What Should the Room’s Temperature Be?
For day sleeping, the temperature should be around 22 °C, while for night sleep the temperature should be less – around 18 °C. A child should be properly dressed.
Putting a Child to Sleep at Night
Putting a child to sleep at night slowly becomes an important routine. If you repeat the same rituals before putting your child to bed, he will then get sleepy just from the pre sleep atmosphere alone. Such sleep rituals include:
• bathing (can be combined with a massage)
• dimming lights
• changing into pajamas
• nice quiet music or singing
A child should be fed, bathed and put to bed at the same time everyday, ideally between 6-8 pm. A half-hour before sleep should be dedicated relaxing. There should be no light in the child’s room (or wherever he sleeps). If he sleeps alone in a crib, he should be properly dressed or put in a sleeping bag that will keep him warm all night.
Can a Child Sleep With His Parents?
It’s been said that in terms of safety, it’s best if a baby sleeps in his own crib that is close to his mother’s bed. This also makes night feeding easier. Night feeding can also be made easier by letting the baby sleep in your bed, between you and your partner.
Opinions on whether a child can sleep in his parent’s bed vary; some pediatricians don’t recommend it while others do. A pediatrician Nils Bergman from the University of Cape Town encourages parents to let their children sleep with them. According to his latest study, children that sleep in their own bed from an early age are less rested and more stressed out at night. He recommends that children sleep in their parent’s bed until they are three years old. The director of education in the Children’s Mental Health Center in London and an author of parenting books Margot Sunderland says children should sleep with their parents even longer; until their fifth year of age. Until then, children can suffer from separation anxiety, which can affect their adult life as well. According to Sunderland, thanks to “co-sleeping”, children grow up as calm, healthy adults.
The Desire for Safety: Sleep Associations
Some children only require falling asleep in their parent’s bed, and can continue sleeping calmly in their own bed after their parents carry them over. Other children often wake up at night. In this context, we are talking about “sleep associations”, which are certain conditions and activities that affect a child’s sleep.
A sleep association can be anything that a child associates with falling a sleep: a parents arm, a mother’s breast, a pacifier, rocking, a closeness of a parent… During the night, a child assures himself that his safety has been maintained – that’s why he wakes up, cries and demands the same conditions he had while falling asleep.
Children older than four months can usually soothe themselves after waking up at night in different ways: by sucking their thumb, moving their head from side to side, by singing or humming, moving their arms, holding their stuffed animal, etc.

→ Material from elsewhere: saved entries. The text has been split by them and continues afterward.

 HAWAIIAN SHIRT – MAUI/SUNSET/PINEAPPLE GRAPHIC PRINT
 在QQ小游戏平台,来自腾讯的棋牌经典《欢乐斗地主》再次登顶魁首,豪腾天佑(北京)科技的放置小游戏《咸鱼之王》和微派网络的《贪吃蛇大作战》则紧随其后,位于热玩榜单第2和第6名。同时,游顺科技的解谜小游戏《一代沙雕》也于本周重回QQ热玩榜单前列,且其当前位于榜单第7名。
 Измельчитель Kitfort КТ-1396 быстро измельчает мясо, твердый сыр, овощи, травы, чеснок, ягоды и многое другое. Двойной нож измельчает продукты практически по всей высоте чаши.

You should remember to differentiate infant’s night and day sleep. When you feed your baby at night, do so in a quiet, dark room.

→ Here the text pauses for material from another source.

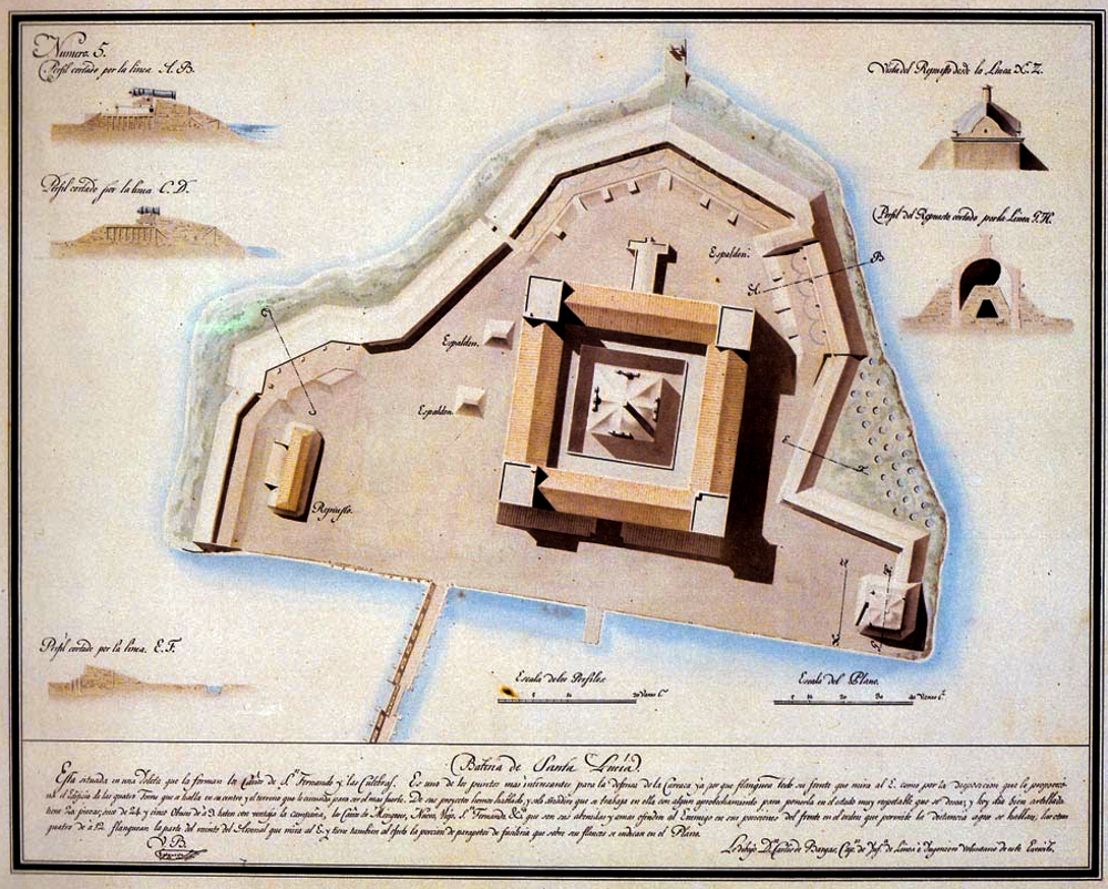En 1765 se había construido el presidio de la Cuatro Torres según un proyecto de Juan Cevada en el islote de Santa Lucía. En él estuvo prisionero don Francisco de Miranda; héroe insigne de la Revolución Francesa, de las independencias americanas y creador de la bandera tricolor de Venezuela. Miranda falleció entre sus muros el 14 de julio de 1816. Al Penal de las Cuatro Torres se le ha seguido dando uso de prisión por parte del ejército hasta hace relativamente poco tiempo.

Night feeding is a must until the child is six months old. Gradually, night feeding should be shortened so that the child drinks less and is put back to bed shortly after burping. It’s easy to say, but harder to do.
After the child is six months old, he can often sleep through the night without being fed. Individual differences, again, are big. Especially breast fed babies require one to two feedings per night even when they are older. To deny them this at all costs wouldn’t be right. All of this also depends on the upbringing of the child.
A child needs to sleep during the day, so he can gain energy. Children should sleep regularly after noon feeding around 1, 5 to 2 hours. Nursed babies under 9 months sometimes sleep before noon, between 10 am and 12 pm. This sleep is usually shorter than an afternoon nap. Because a child sleeps at a higher temperature during the day, dress him accordingly. Don’t overheat your baby.